This social history of eighteenth-century Peru is one of the “Daily Life Series,” originally published in France and now translated into English. The editors hope that each volume will recreate “the manners, morals, and everyday life of a people living in another civilization, another age.”

Descola’s narrative is social history of a frothy sort. After a brief discussion of social classes and Spanish administration in Peru, the author describes Lima, that “paradise for women, purgatory for men and hell for borricos.” Lima, Descola believes, was second only to Madrid in the Spanish Empire for its elegance. Well planned, the City of Kings in 1786 was divided into four sections, totaling 350 streets, 8222 houses, and thirty-three barrios. Its greatest problems were beggars, dust from unpaved streets and dried dung of animals, and the traffic jams created by horse-drawn coaches, mule-drawn calesas, and flocks of sheep, goats, mules, and llamas. Fortunately a nearby spring provided potable water for the city and made it unnecessary to rely on the polluted Rimac.
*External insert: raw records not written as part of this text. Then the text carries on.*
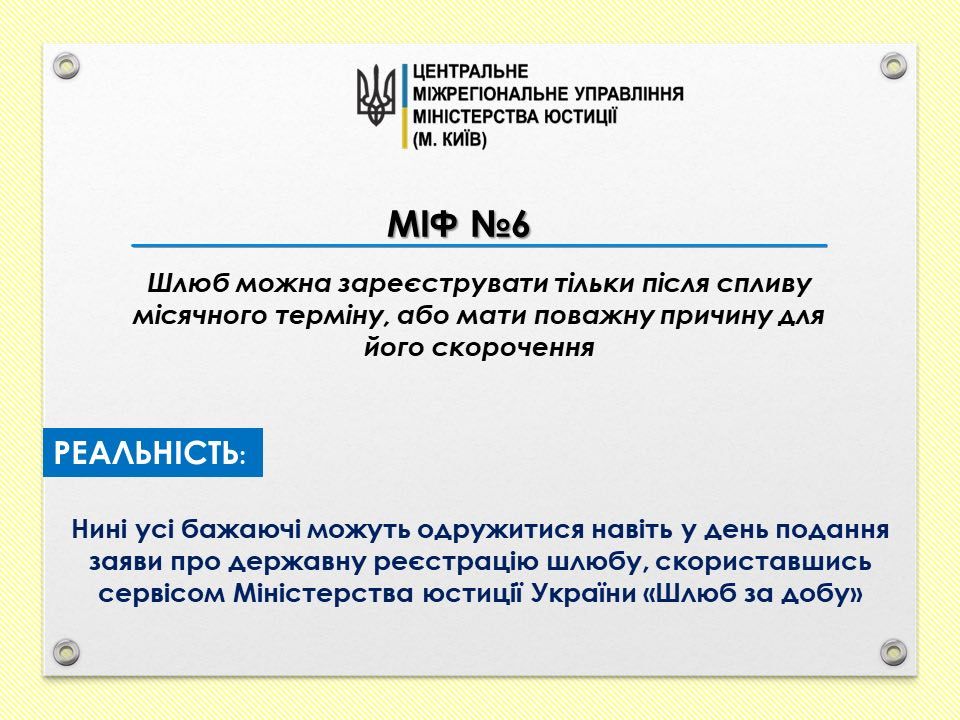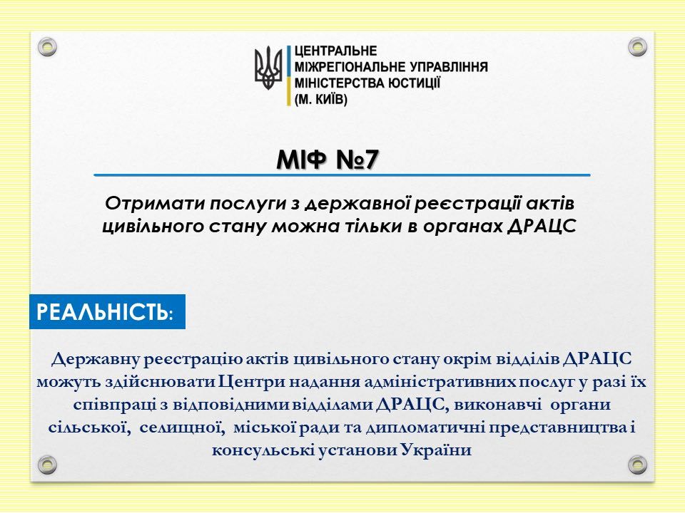 Міф №7. Отримати послуги з державної реєстрації актів цивільного стану можна тільки в органах ДРАЦС
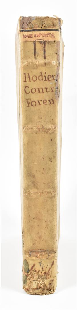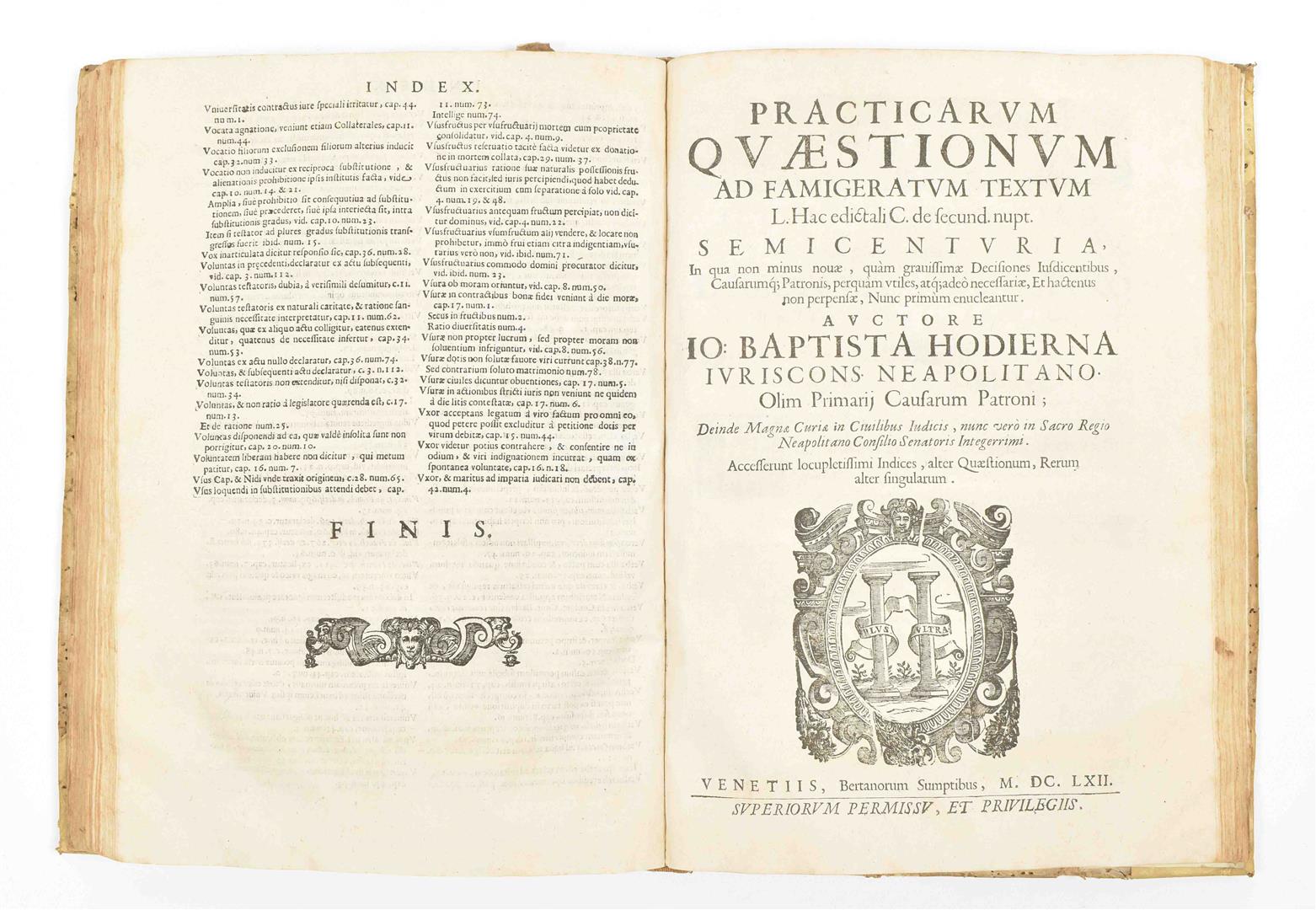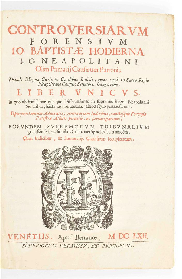 Io. Baptistae Hodierna I. C. neapolitani olim primarij causarum patroni; (...) In quo abstrusissimae quaeque dissertationes in supremis regni Neapolitani Senatibus (...). Venice, Bertanos, 1662. 2 works in 1 vol. (14),296,(48); (8),156,(32) p. 2 title-p. engr. Contemp. hvellum w. manuscript title and later ticket on spine. Folio.
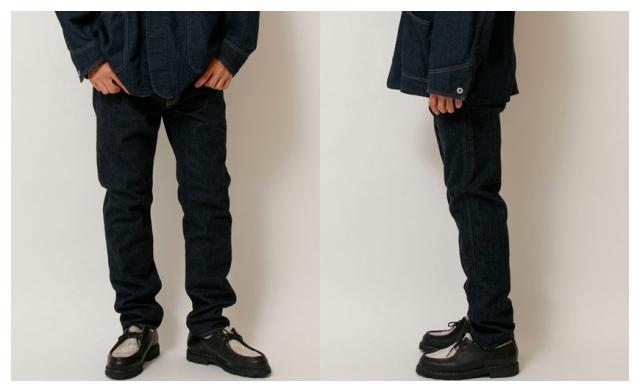 デザインはすっきりと着こなせるスリムテーパードジーンズです。
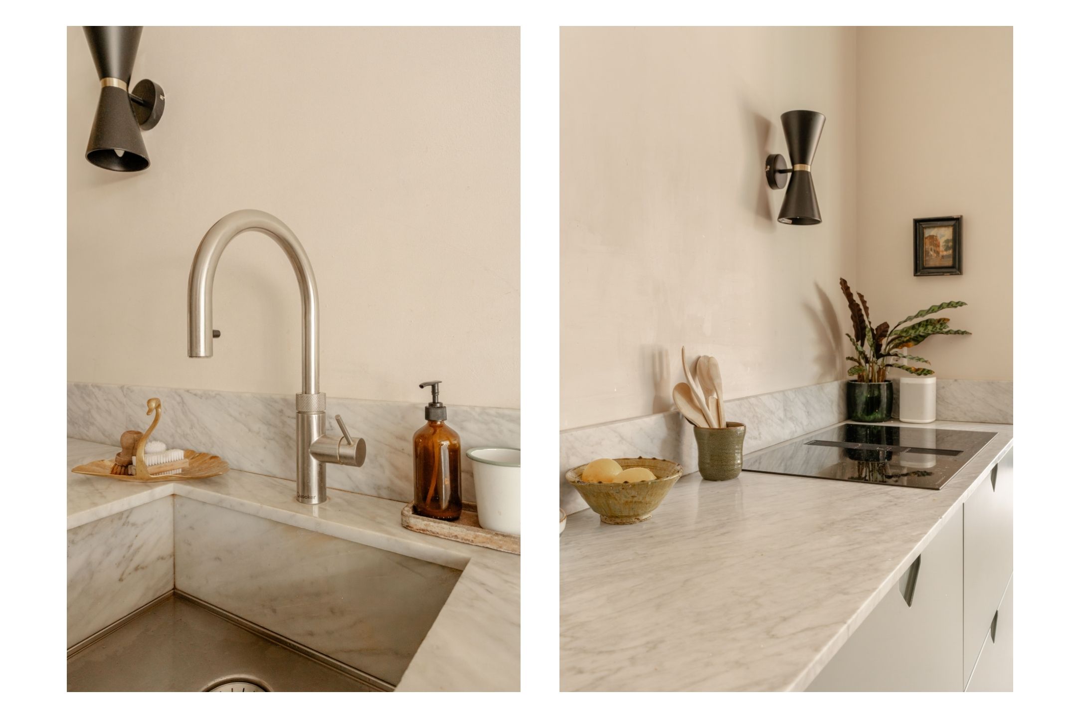 At the rear, there is a separate bedroom, ideal as a guest room, home office, or study, featuring built-in wardrobes and French doors opening onto the garden. Adjacent is the attractive extension housing a spacious open-plan kitchen, equipped with various built-in appliances, including an electric oven, induction hob with integrated extraction, fridge/freezer combination, and a Quooker providing both boiling and sparkling water.

In their architecture and furnishings Limeños adapted European styles—plateresque, classical, baroque, and rococo—but because of the devastating earthquake of 1746, rococo dominated in the latter half of the eighteenth century, particularly in the ornate paneling and furnishings of some homes. Still, except for the palatial residences of the wealthy and a few convents and monasteries, housing was inadequate and uncomfortable. Limeños preferred the public display of elegant clothes during promenades and carriage rides to the private amenities of good food and a comfortable home.

If Descola can be trusted, food and diet in Peru have changed little since the eighteenth century with puchero, pazucla, anticuchos, cebiche, and turón as standard items. Then as now Peruvians imbibed pisco and chicha. For amusement the people of Lima enjoyed corridas at Acho, religious processions, drama at the Coliseo de Comedias, and the interminable tertulias. What the author terms American Vergilianism (physiocratic lyricism) and satire were the most popular literary forms, while visual art was derivative of Spanish styles. For life at the viceregal court Descola relies on the myths and realities of Amat’s affair with la Perricholi. Trade and economic life, the military, the university, weights and measures, coinage, and clerical life also receive attention.

Intended for popular consumption, this book will appall the scholar, especially since footnotes and bibliography give the work scholarly pretension. Descola has used travelers’ accounts and a few scholarly monographs to good advantage, but otherwise he relies heavily on Ricardo Palma’s Tradiciones for evidence and color. In fact one finds it surprising that some of Descola’s interpretations hold up, particularly those concerning the reception of the Enlight enment, the reading of prohibited books, and the role of the Inquisition. The book is replete with factual errors. Buenos Aires did not become a viceroyalty in 1718 (p. 75) ; 82.4° F. is not the coldest day of the year for Lima (p. 195); the satirist, picaresque poet Guviedes must be Caviedes (p. 233); Huamanco and Lucanos are doubtless Huamanga and Lucanas (p. 217); Viceroy Castelforte was Castelfuerte (p. 190); ad infinitum. Equally frustrating is the author’s failure to document information or quotations. In sum, this work in no way measures up to the other volumes in the Daily Life Series by Louis Baudin on the Incas and Jacques Soustelle on the Aztecs, nor can it be compared with Irving Leonard’s sensitively wrought Baroque Times in Old Mexico.